All of lore.kernel.org
 help / color / mirror / Atom feed
From: Daniel Lezcano <daniel.lezcano@linaro.org>
To: Peter Zijlstra <peterz@infradead.org>
Cc: raistlin@linux.it, juri.lelli@gmail.com,
	Ingo Molnar <mingo@kernel.org>,
	Linux Kernel Mailing List <linux-kernel@vger.kernel.org>
Subject: Re: [BUG] [ tip/sched/core ] System unresponsive after booting
Date: Thu, 16 Jan 2014 14:48:51 +0100	[thread overview]
Message-ID: <52D7E343.40909@linaro.org> (raw)
In-Reply-To: <20140115120418.GD31570@twins.programming.kicks-ass.net>

On 01/15/2014 01:04 PM, Peter Zijlstra wrote:
> On Wed, Jan 15, 2014 at 09:27:34AM +0100, Daniel Lezcano wrote:
>>
>> Hi all,
>>
>> I use the tip/sched/core branch.
>>
>> After git pulling yesterday, my host is unresponsive after booting the OS.
>>
>>   * It boots normally
>>   * It sends info to the console
>>   * The graphics does not work
>>   * The terminals show the prompt, I can enter the username but after
>> pressing enter, it does not give the password prompt
>>   * sysrq works more or less, I can't get the process stack but it receives
>> the command
>>
>> It is like no new process can be created.
>>
>> I have a dual Xeon processor E5325 (2 x 4 cores).
>>
>> After git bisecting, the following patch seems to introduce the bug.
>>
>> commit d50dde5a10f305253cbc3855307f608f8a3c5f73
>
> OK, so my headless WSM-EP boots just fine.
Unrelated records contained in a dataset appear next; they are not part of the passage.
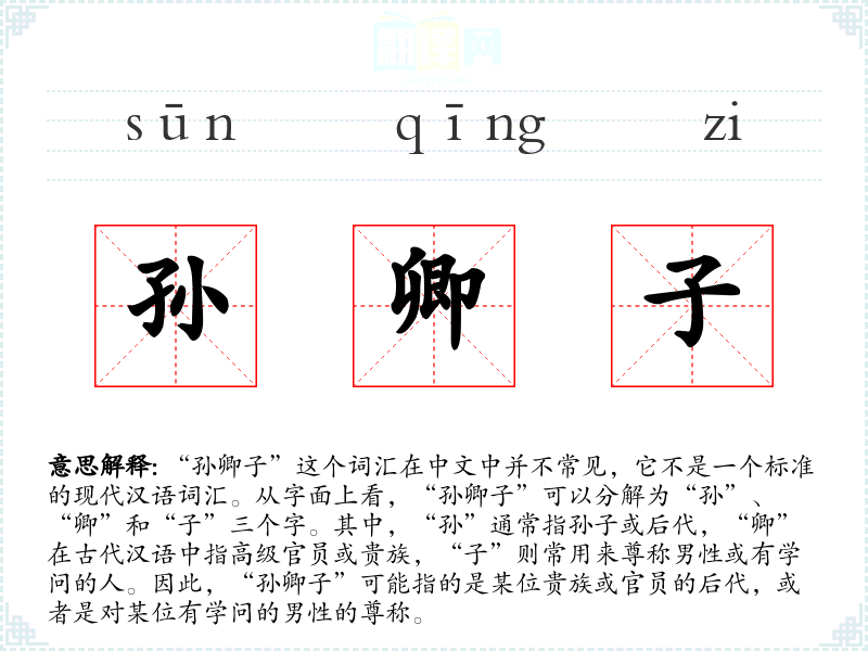 由于“孙卿子”不是一个常见的现代汉语词汇,它在不同的语境中可能会有不同的解释。在古代文献或历史记载中,它可能指的是某位具体的贵族后代或有学问的男性。在现代文学或口语中,这个词汇可能不太常用,除非是在特定的历史或文化背景下。
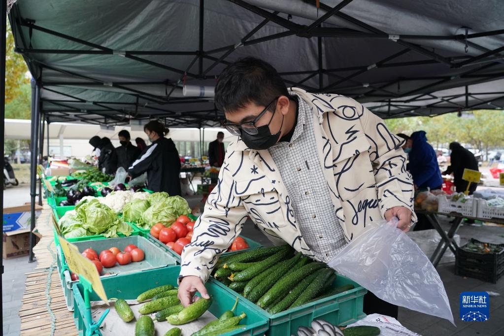在金隅·山樾嘉园小区,北京科技大学应届毕业生石全在小区内的便民菜站选购蔬菜(10月23日摄)。
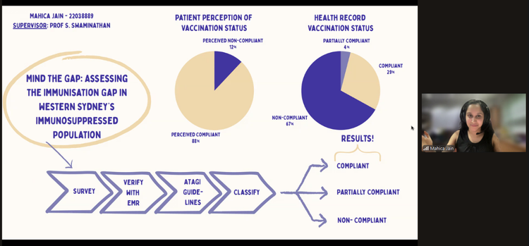 Overall Winner, Mahica Jain, Year 4, 2025 student presented her MD Project research topic " Mind the Gap: Assessing the Immunisation Gap in Western Sydney's Immunosuppressed Population".
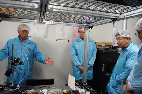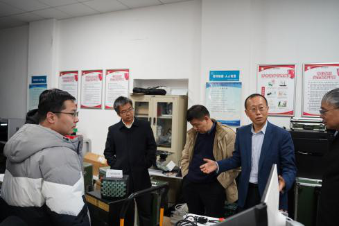 在现场考察环节,独国社、邵晓鹏陪同专家参观了学院实验室及科研成果,实地考察了学院办学条件等学位点建设相关内容。
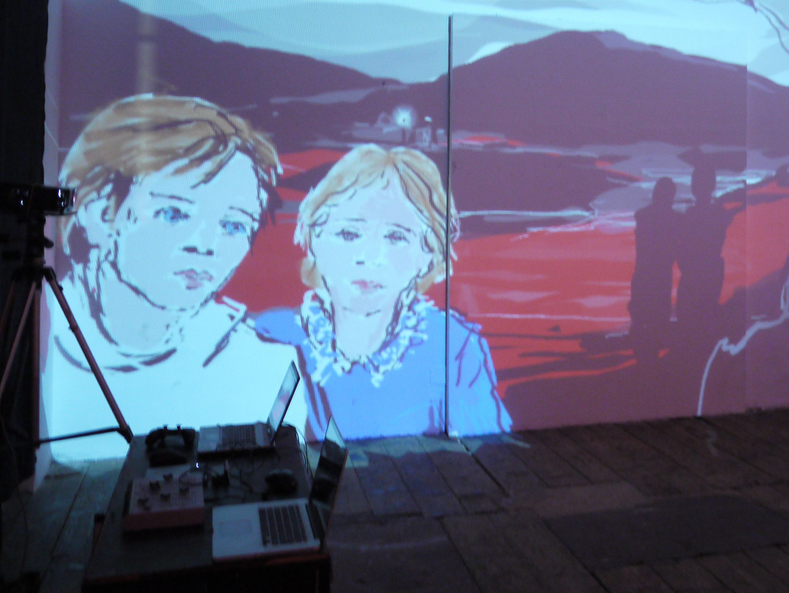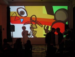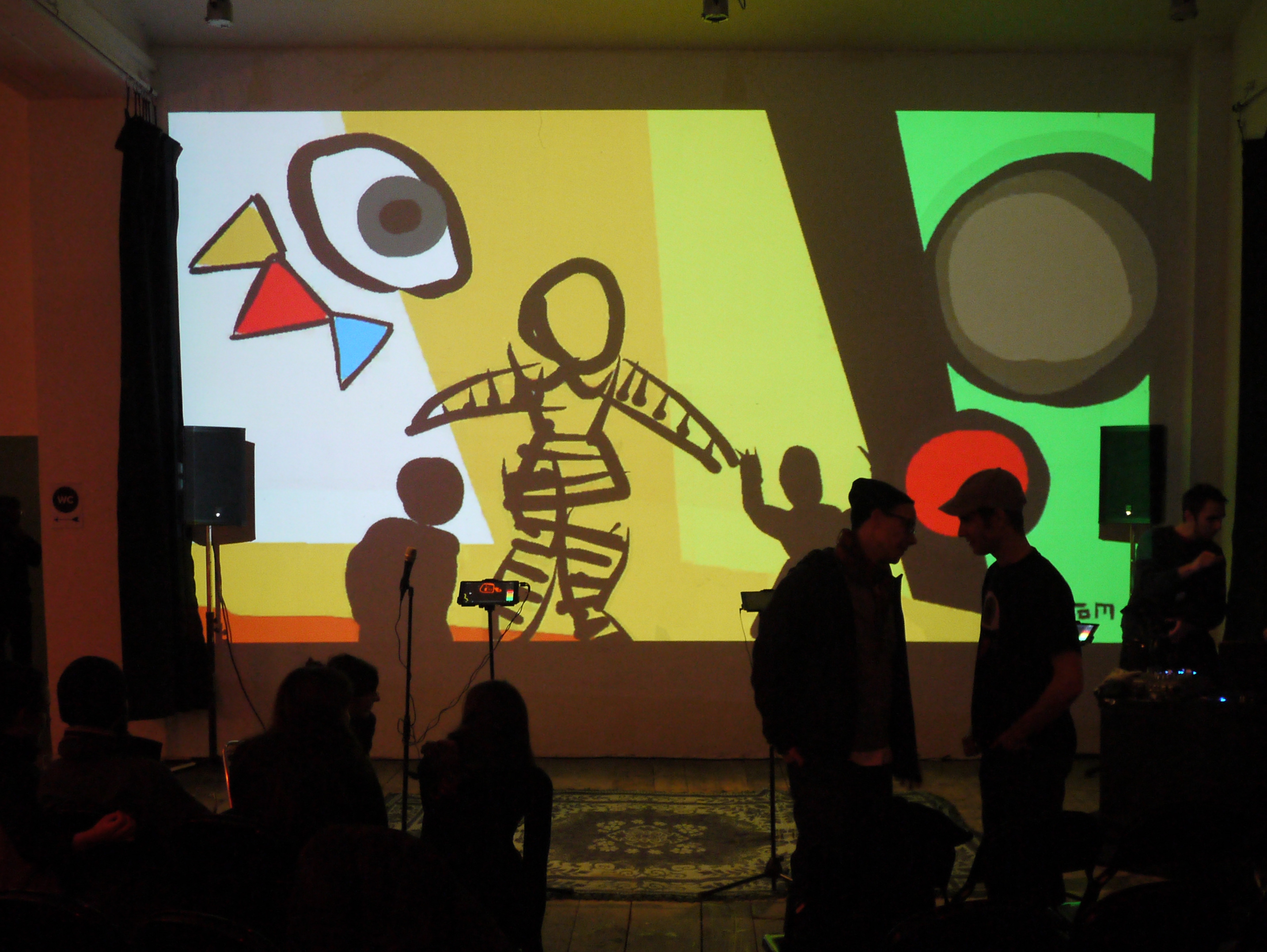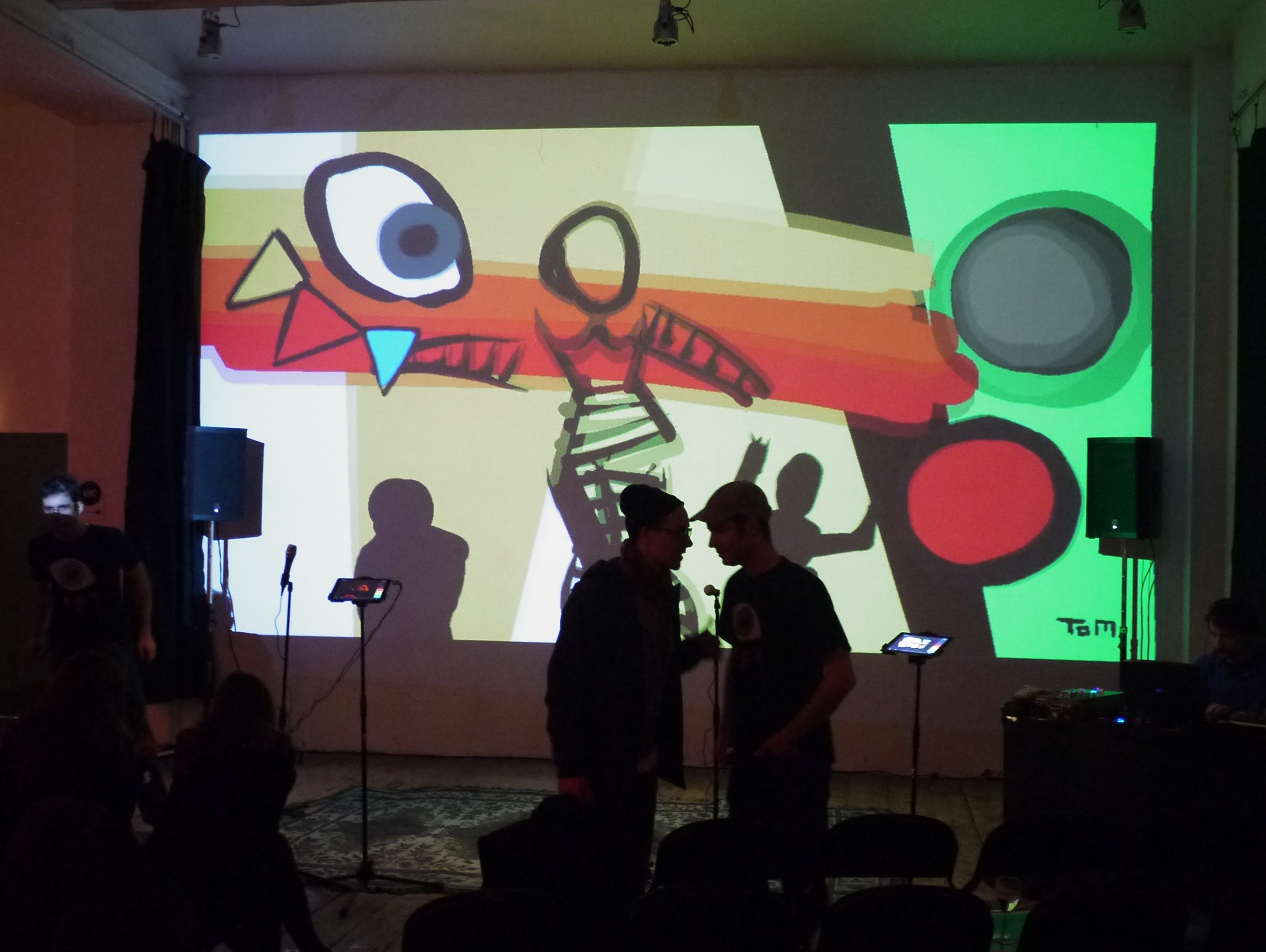 Next item on the programme was the performance by Weisse Wände – improvised music with live visuals by Maki and Iink (using the new Tagtool).
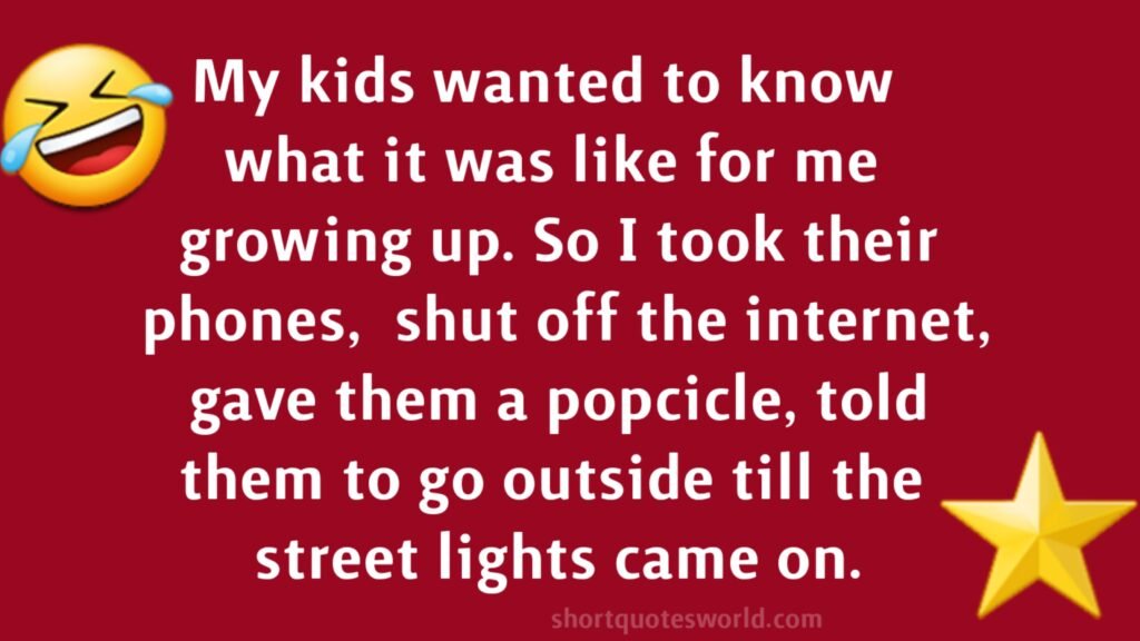 My kids wanted to know what it was like for me growing up. So I took their phones, shut off the internet, gave them a popcicle, told them to go outside till the street lights came on.
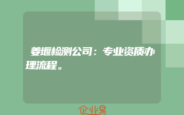 - 姜堰检测公司:专业资质办理流程解析一、了解资质要求和办理流程作为一家专业的检测公司,姜堰检测公司首要任务是全面了解相关的资质要求和办理流程。在开始办理之前,企业需深入了解国家和地方的相关法规、政策以及行业标准,确保公司具备从事检测工作的基本
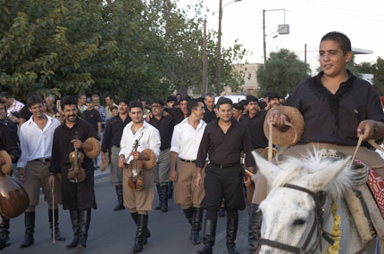 Τα όργανα μπροστά με τραγούδια, πίσω ο γαμπρός με γονέους και αδέρφια και ξοπίσω όλοι οι καλεσμένοι τους.

Obviously it cannot confirm
> if graphics works, but I can ssh in and work on it without bother.
>
> I can even log in on the serial console without problems.
>
> I tried both tip/master and tip/sched/core.
>
> Would you happen to have a .config for me to try?

I was able to reduce the scope and reproduce the issue.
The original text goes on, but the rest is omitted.